**** DATA ****

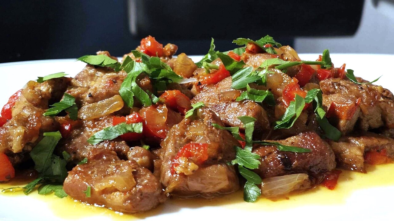 Аламинут със свинско месо, лук и чушки на тиган. Едно превъзходно, лесно и бързо за приготвяне ястие. Приятно на вкус Read more
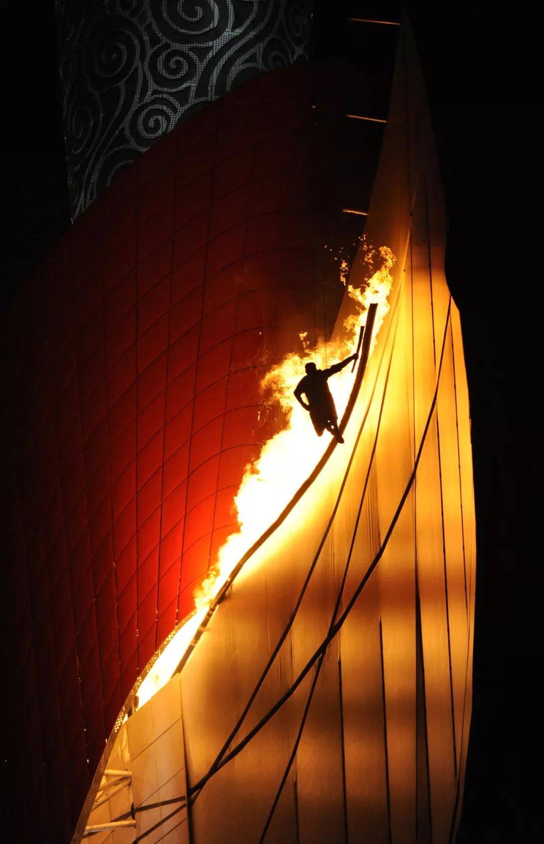 (2008年8月8日北京奥运会开幕式,李宁点燃奥运圣火,图片源自@视觉中国)
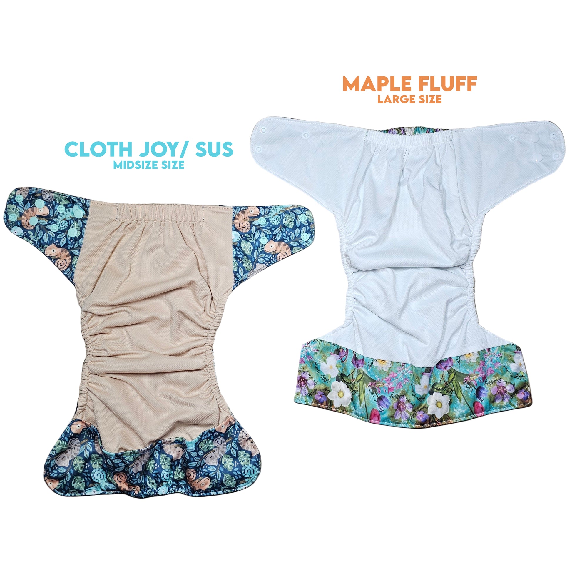 The Maple Fluff pockets are close in fit to our beloved Midsize™ diapers, offering a roomy, comfortable option for growing babes. Designed to fit from about 10 lbs all the way up to 65+ lbs, they’re built to carry your little one through the baby, toddler, and even preschool years. Each diaper is thoughtfully made with practical features to make cloth diapering easier for parents and more comfortable for little ones.
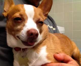 Владелец этой милой чихуахуа по кличке Орешек рассказал, что к нему наведался ночной гость, который принес печенье с марихуаной. Собачка добралась до него раньше, чем компания. Владелец привез песика в ветеринарную клинику, и его откачивали с помощью активированного угля. Через 10 часов отпустило.
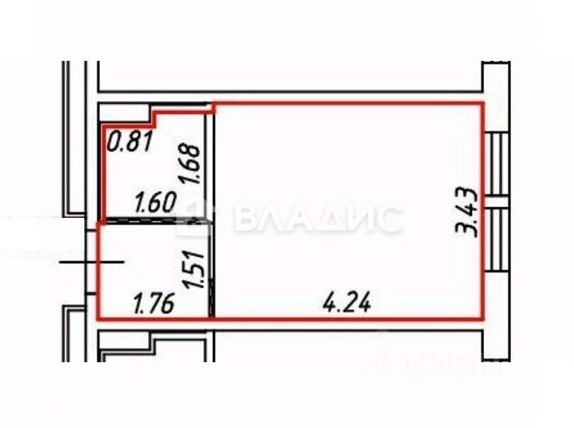 площадь студии - 19.7 м².
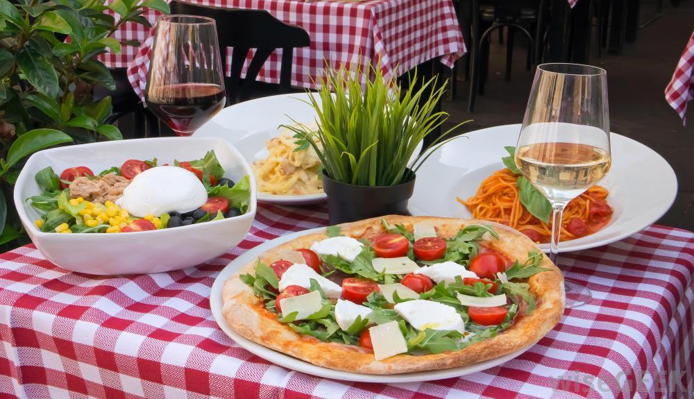 Второй шаг – это меню и декорирование стола. Стоит продумать и основные блюда, и сладкое дополнение к столу, ну и , конечно же, закупить хорошие итальянские вина. В качестве основных блюд могут подойти паста (ведь именно макаронными изделиями славится итальянская кухня), салат «Цезарь», лазанья. Пицца – всем известное итальянское блюдо. Обрадуйте гостей, приготовив ее самостоятельно или заказать пиццу с разными начинками на любой вкус гостей. На столе должно быть фокаччо – ароматный хлеб с сыром.
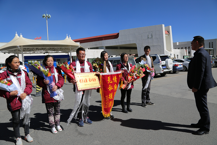 ? 值此秋高氣爽、碩果累累的豐收季節(jié),10月23日,阜康醫(yī)療隊(duì)圓滿完成阿里地區(qū)包蟲(chóng)病義務(wù)篩查任務(wù),滿載榮譽(yù)而歸,隨著醫(yī)療隊(duì)全體成員從拉薩機(jī)場(chǎng)緩緩走出,陳彬副書(shū)記代表公司黨委對(duì)他們表示了熱烈的歡迎,并為每位隊(duì)員獻(xiàn)上鮮花和哈達(dá),歡迎他們回家。
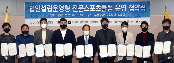김석준 부산시교육감(중앙)이 지난 25일 오후 부산시교육청 제1회의실에서 8개 법인설립운영형 전문스포츠 축구클럽 대표와 ‘학교 운동부 운영 협약’을 체결하고 기념촬영하고 있다.
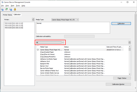 Wählen Sie in der Druckerliste den Drucker aus, für den Sie das Ausführungsprotokoll der Farbkalibrierung überprüfen möchten.
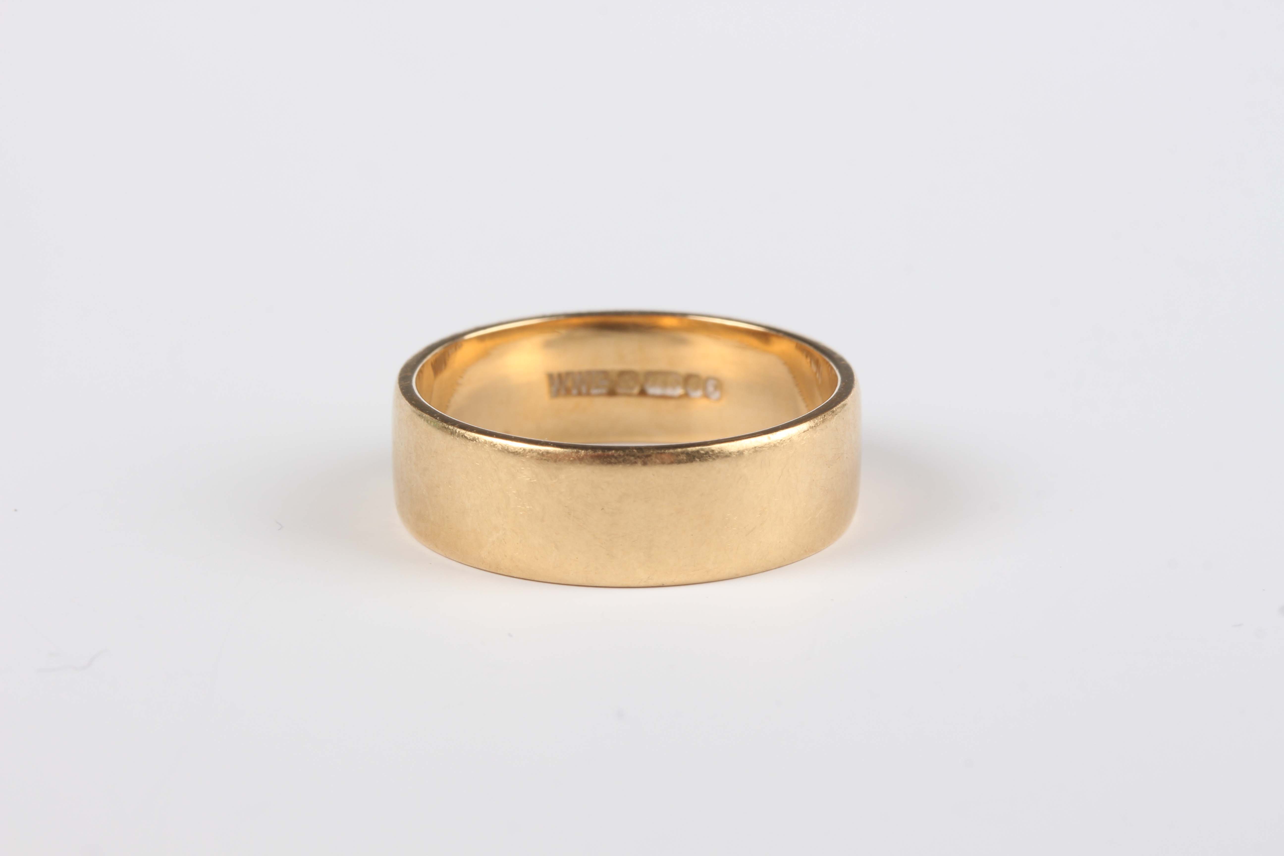 An 18ct gold wide band wedding ring, London 1980, weight 5.4g, ring size approx N.

****

Please give back the data above word for word, with no pictures included.

§ **TASK RESPONSE**:
 Аламинут със свинско месо, лук и чушки на тиган. Едно превъзходно, лесно и бързо за приготвяне ястие. Приятно на вкус Read more
 (2008年8月8日北京奥运会开幕式,李宁点燃奥运圣火,图片源自@视觉中国)
 The Maple Fluff pockets are close in fit to our beloved Midsize™ diapers, offering a roomy, comfortable option for growing babes. Designed to fit from about 10 lbs all the way up to 65+ lbs, they’re built to carry your little one through the baby, toddler, and even preschool years. Each diaper is thoughtfully made with practical features to make cloth diapering easier for parents and more comfortable for little ones.
 Владелец этой милой чихуахуа по кличке Орешек рассказал, что к нему наведался ночной гость, который принес печенье с марихуаной. Собачка добралась до него раньше, чем компания. Владелец привез песика в ветеринарную клинику, и его откачивали с помощью активированного угля. Через 10 часов отпустило.
 площадь студии - 19.7 м².
 Второй шаг – это меню и декорирование стола. Стоит продумать и основные блюда, и сладкое дополнение к столу, ну и , конечно же, закупить хорошие итальянские вина. В качестве основных блюд могут подойти паста (ведь именно макаронными изделиями славится итальянская кухня), салат «Цезарь», лазанья. Пицца – всем известное итальянское блюдо. Обрадуйте гостей, приготовив ее самостоятельно или заказать пиццу с разными начинками на любой вкус гостей. На столе должно быть фокаччо – ароматный хлеб с сыром.
 ? 值此秋高氣爽、碩果累累的豐收季節(jié),10月23日,阜康醫(yī)療隊(duì)圓滿完成阿里地區(qū)包蟲(chóng)病義務(wù)篩查任務(wù),滿載榮譽(yù)而歸,隨著醫(yī)療隊(duì)全體成員從拉薩機(jī)場(chǎng)緩緩走出,陳彬副書(shū)記代表公司黨委對(duì)他們表示了熱烈的歡迎,并為每位隊(duì)員獻(xiàn)上鮮花和哈達(dá),歡迎他們回家。
김석준 부산시교육감(중앙)이 지난 25일 오후 부산시교육청 제1회의실에서 8개 법인설립운영형 전문스포츠 축구클럽 대표와 ‘학교 운동부 운영 협약’을 체결하고 기념촬영하고 있다.
 Wählen Sie in der Druckerliste den Drucker aus, für den Sie das Ausführungsprotokoll der Farbkalibrierung überprüfen möchten.
 An 18ct gold wide band wedding ring, London 1980, weight 5.4g, ring size approx N.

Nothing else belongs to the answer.